Parece que existia relação também entre tamanho da propriedade e número de
pessoas no domicílio: dos 52 proprietários de até 50 alqueires de terras, 41
(79%) não possuíam escravos, 33 (63,5%) não abrigavam agregados e 44 (84,5%)
tinham no máximo dez pessoas morando em seu domicílio. Dos 36 proprietários de
terras com mais de 50 alqueires, 17 (47%) não possuíam escravos, 21 (58%) não
abrigavam agregados e 26 (72%) viviam em domicílios com no máximo dez pessoas.
Também havia relação entre número de pessoas nas propriedades e produtividade.
Na Tabela_4 observa-se que, para as quatro mais importantes produções da
freguesia (milho, feijão, trigo e vacum), na amostragem os domicílios com dez
ou mais pessoas tinham maior produção, em média, do que as propriedades de até
nove pessoas.
Além disso, é possível que houvesse tendência à maior diversificação das
atividades nas unidades domiciliares mais numerosas, pois, embora a moda fosse
cinco atividades para os dois tipos de domicílios, no grupo daqueles com até
nove pessoas existiam 13 unidades que desenvolviam apenas três ou quatro
atividades; enquanto naquele com dez ou mais moradores nenhuma unidade
apresentava menos de cinco atividades.
Finalmente, encontrou-se relação entre produtividade, diversificação das
atividades e tamanho das propriedades: aquelas com até cinco atividades tinham
em média 85 alqueires e as que desenvolviam entre seis e oito atividades
possuíam uma média de 212 alqueires.
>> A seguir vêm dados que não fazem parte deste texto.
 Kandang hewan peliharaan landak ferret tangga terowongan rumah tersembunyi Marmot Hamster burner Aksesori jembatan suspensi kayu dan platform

Além disso, as produções de milho, feijão
e vacum eram mais elevadas quanto maiores fossem as propriedades. Isso não era
verdade apenas para o trigo, cultura de exportação cuja produção das
propriedades médias e pequenas (nesta ordem) era maior, em média, do que a das
propriedades grandes (Tabela_5).
Como mencionado anteriormente, os dados sobre composição dos domicílios
estariam indicando a existência de uma prática patriarcalista na freguesia de
São José, da qual todos participavam, visando a constituição, a manutenção ou a
ampliação de suas redes de poder. O cruzamento dos dados sobre propriedade das
terras e produção agrícola acrescenta novas variáveis a essa trama relacional,
pois reunir dependentes em torno do fogo propiciava o incremento da
produtividade e da produção de excedentes, possibilitando a atuação no mercado
e, por sua vez, a incorporação de mais terras. E para grande parte das pessoas,
somente com o correr do tempo isso se tornava possível.
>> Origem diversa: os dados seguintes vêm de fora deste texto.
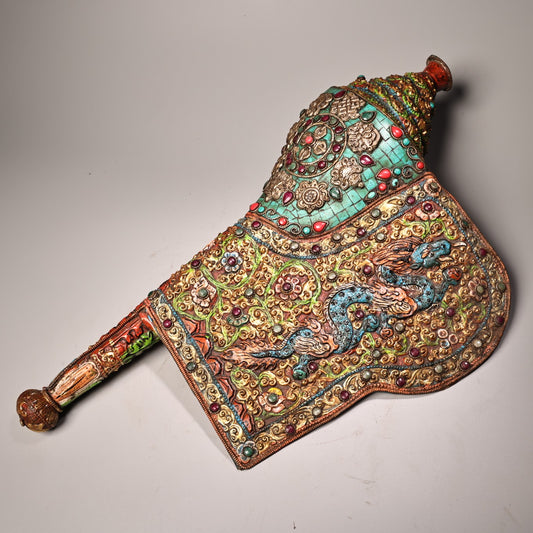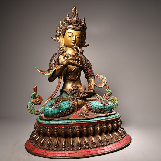 A1859 Tibetan Buddhism Gilt Gold Copper Inlay Turquoise & Gems Concha Statue

Relações de dependência em uma economia familiar
A partir dos dados de São José dos Pinhais aqui apresentados, é possível
resumir os aspectos que podem contribuir para o enriquecimento da discussão
acerca do patriarcalismo no Brasil escravista. Para tanto, tome-se o trabalho
de Maria Luiza Marcílio, Crescimento demográfico e evolução agrária paulista,
1700-1836,publicado em 2000, mas que se tornou um clássico secreto,14 desde
que foi apresentado como tese de livre-docência na Universidade de São Paulo,
em 1974, e que ainda é uma das pesquisas mais abrangentes sobre a história
paulista no período.
Para a discussão tratada no presente artigo, a referência a esta obra é
especialmente pertinente, pois o vilarejo de São José dos Pinhais fazia parte
da grande área socioeconômica estudada por Marcílio. Além disso, a configuração
dos domicílios e a posse de escravos de São José dos Pinhais coincidem, no
geral, com o quadro encontrado pela autora em grande parte das vilas e
freguesias da região paulista.
Com base nas listas nominativas de habitantes das vilas e freguesias daquela
capitania (incluindo o Paraná), Maria Luiza Marcílio afirma que eram minoria os
fogos de grandes dimensões, posto que a média de pessoas livres girava em torno
de 4,6 por fogo, e que, embora fosse crescente no período a entrada de
escravos, em geral as escravarias eram diminutas. Em todas as regiões da
capitania, com pequenas diferenças que não alteram o quadro total, havia a
prevalência dos domicílios com estrutura simples, inclusive entre os grandes
proprietários: quase três quartos de todos os domicílios paulistas, possuindo
ou não escravos, eram formados por casais com ou sem filhos, pais ou mães '
viúvos, solteiros ou casados ' com filhos. Receber parentes próximos ou
afastados em suas casas, ou a convivência de vários núcleos familiares em um
mesmo teto eram situações excepcionais e temporárias. Anotou ainda, a autora,
que, nas pequenas porcentagens de grupos domésticos de famílias extensas e de
famílias múltiplas, ao contrário do que se poderia esperar, a maioria dos
indivíduos e núcleos familiares que viviam sob a dependência do chefe do
domicílio não tinha vínculo de parentesco. Eram insignificantes as porcentagens
das pessoas vivendo de favor em casas de familiares, pois preferiam residir, em
casos de necessidade ou em situações anormais, agregados em casas de estranhos.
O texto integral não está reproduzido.